What are WhatsApp Flows, and how do Aerostack bots use them? expand_more
WhatsApp Flows are native interactive forms that render inside the WhatsApp chat — text inputs, email fields, date pickers, and dropdown selects — collected without the user ever leaving the app. Aerostack bots can trigger a Flow mid-conversation to gather structured data: booking details, support ticket information, onboarding answers, or any multi-field form. The submitted data is returned to the bot as a structured payload and can be passed directly into a workflow node, an MCP tool call, or a database write. WhatsApp Flows require Meta Business Verification and are toggled per-bot with the whatsapp_flows_enabled flag. They are unavailable on the free sandbox number — you need a registered WhatsApp Business API phone number.

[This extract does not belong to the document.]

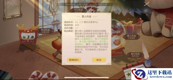 【参与方式】:冒险者5人组队,队长点击圣诞节节日面板,选择“雪人大作战”进入。
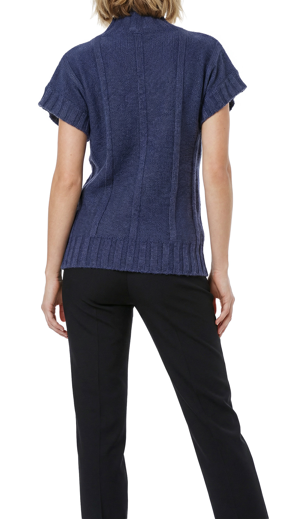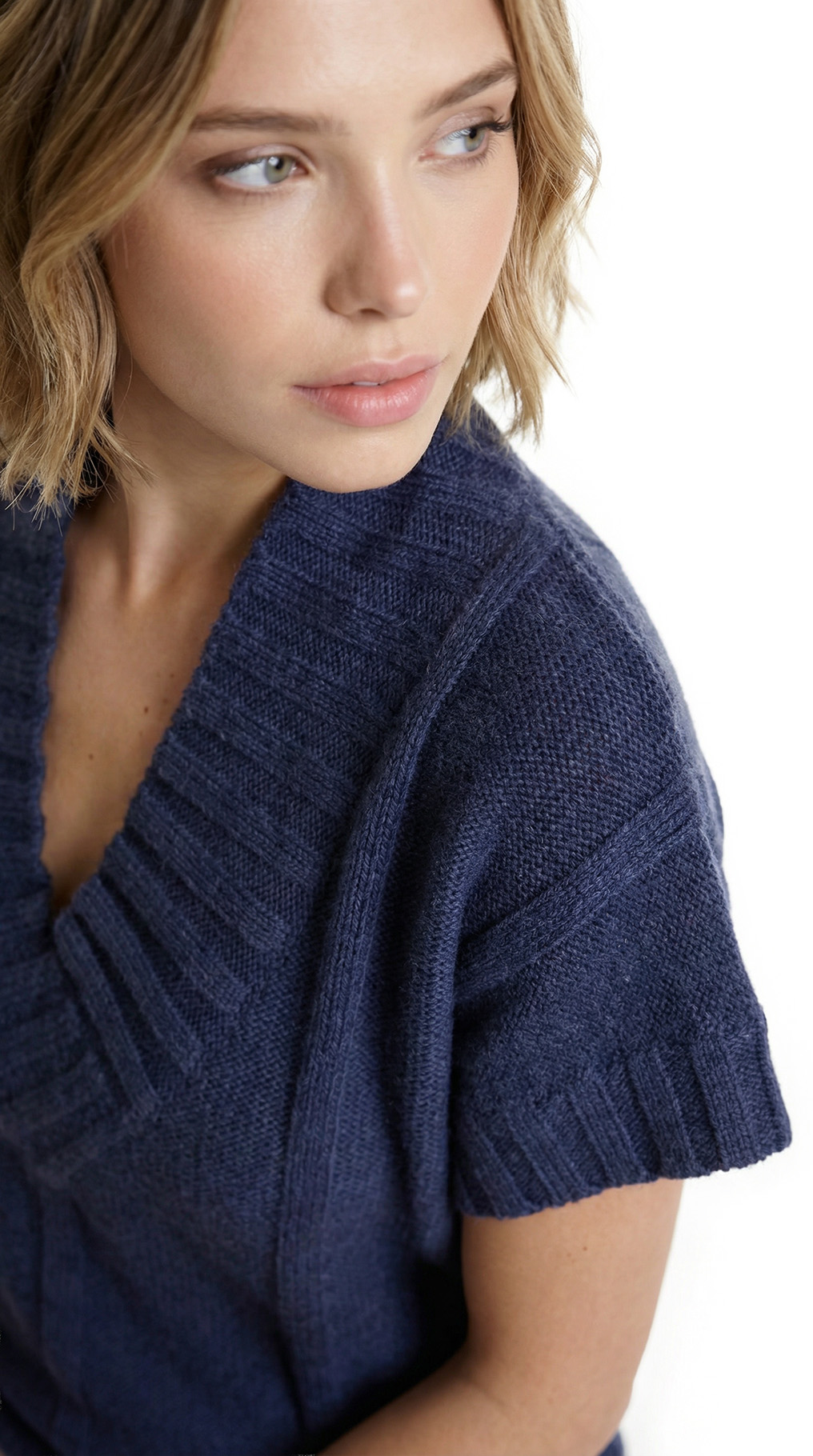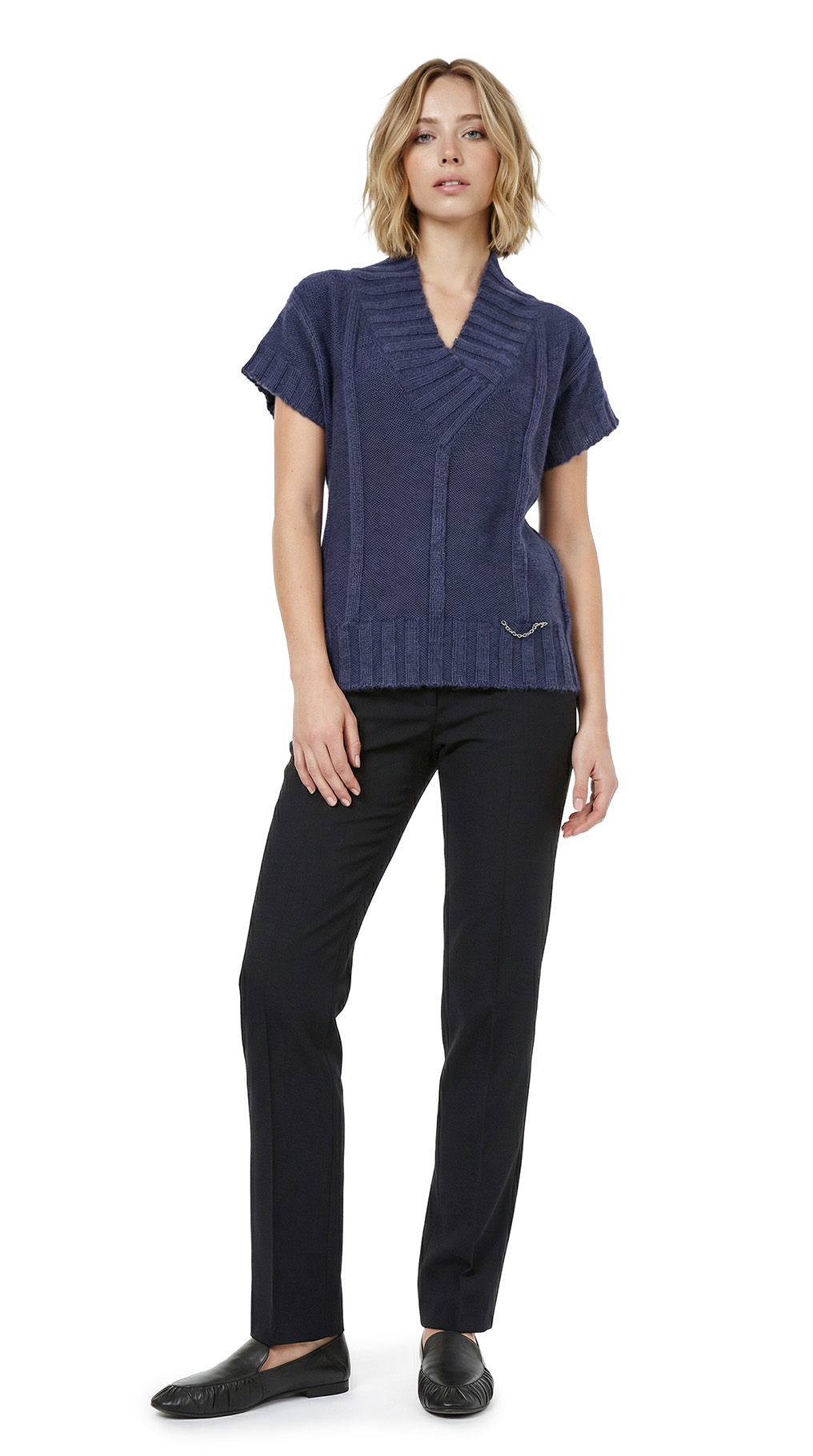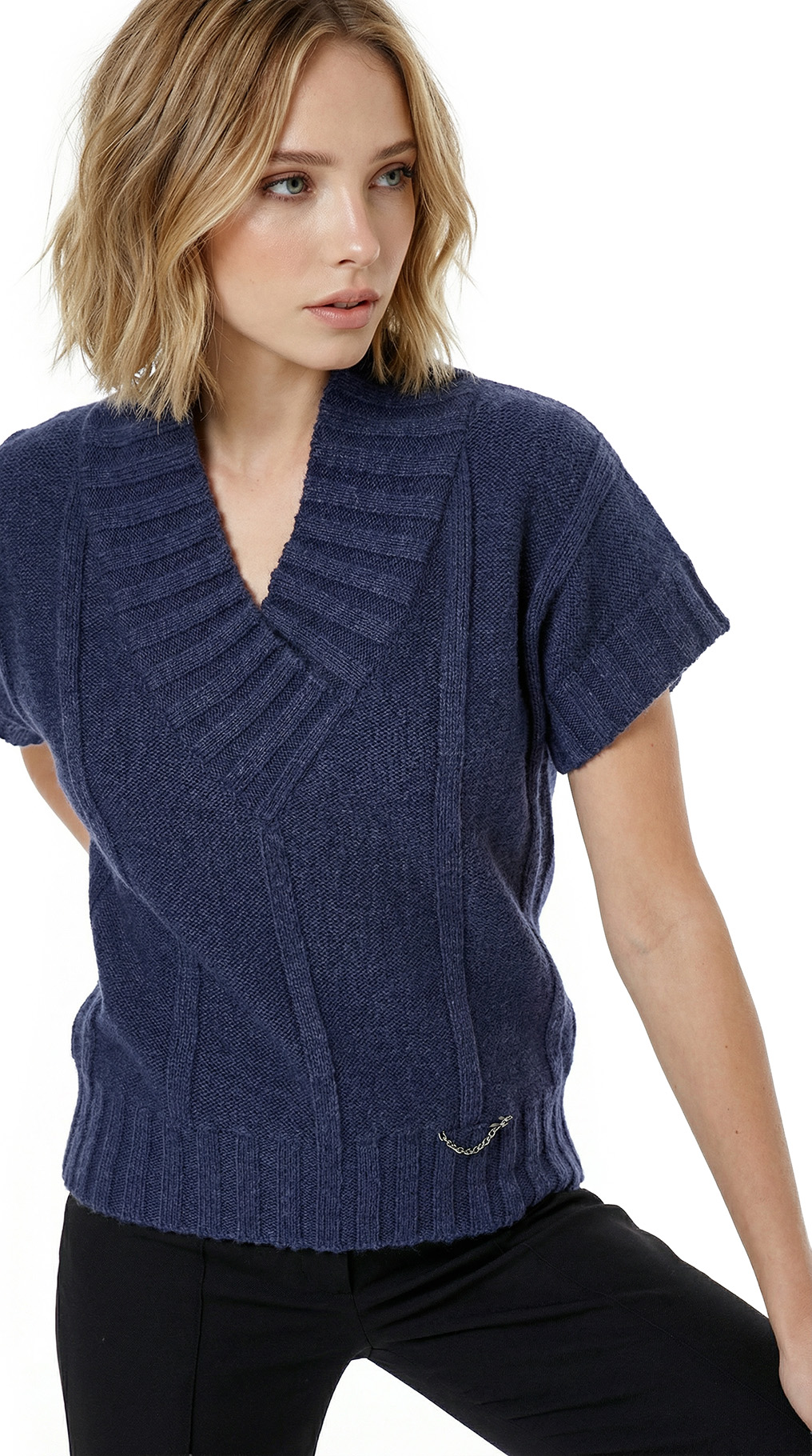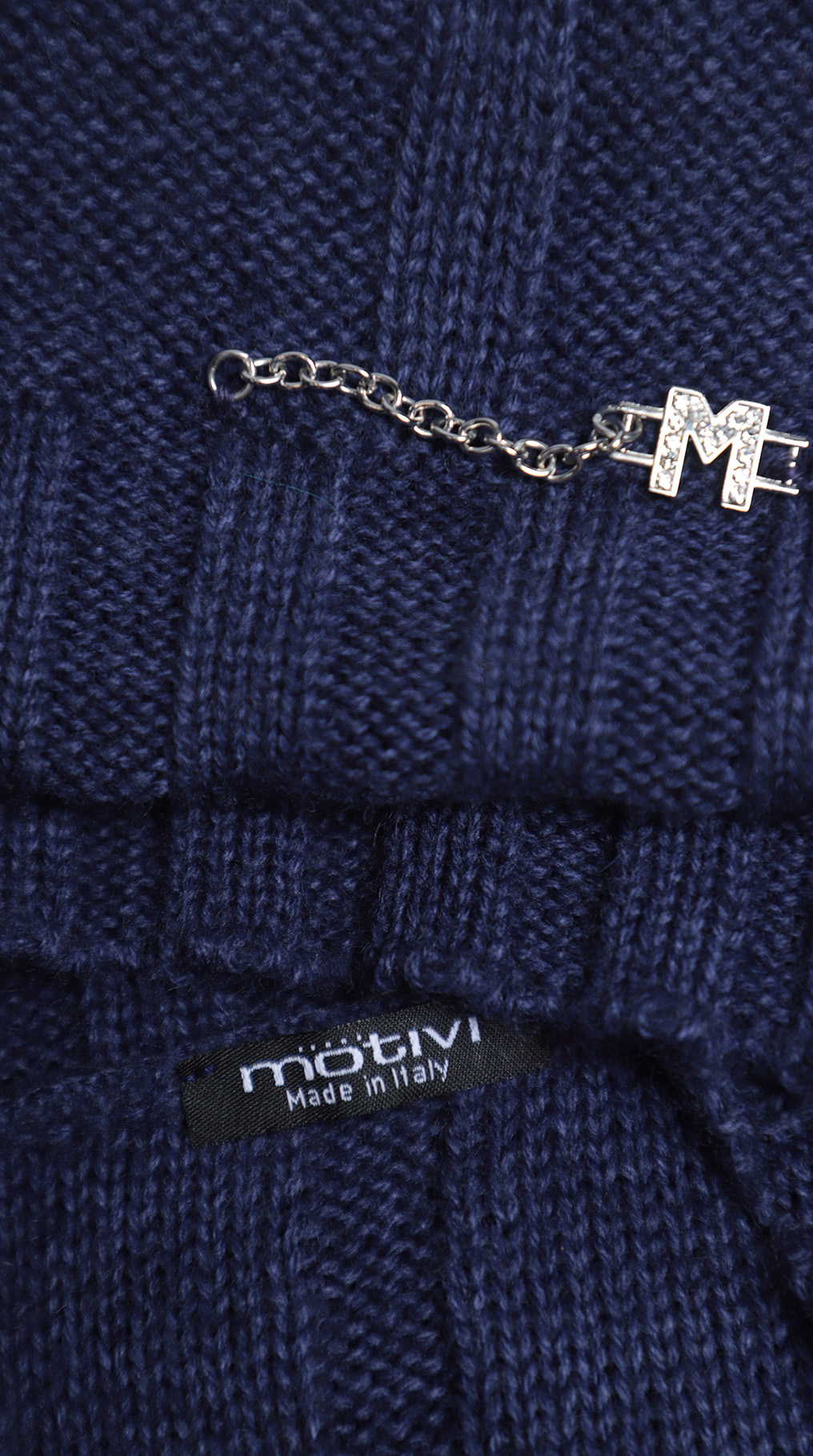 Шерстяной джемпер популярного итальянского бренда Motivi фиолетового цвета с объемным V-образным воротничком, коротким приспущенным рукавом реглан и фирменным серебряным логотипом на цепочке. Широкая резинка по бедрам. В составе 30% мохер, 10% шерсть, 60% акрил — ткань легкая, мягкая, теплая. Состояние — идеальное, как новое.

When is building an AI bot the wrong choice? expand_more
When users do not actually need a conversational interface. A bot adds value when the interaction is genuinely open-ended — users ask questions in their own words, the path branches on context, or a human escalation is sometimes needed. If every user interaction follows the same two or three steps and the answers are always the same, a well-designed FAQ page or a deterministic form will serve users faster and more reliably than routing every query through an LLM. Similarly, if you only need to push notifications or send broadcast messages without expecting replies, a direct messaging integration without a bot definition is simpler. Build a bot when the conversation is the product; use something simpler when the conversation is just overhead.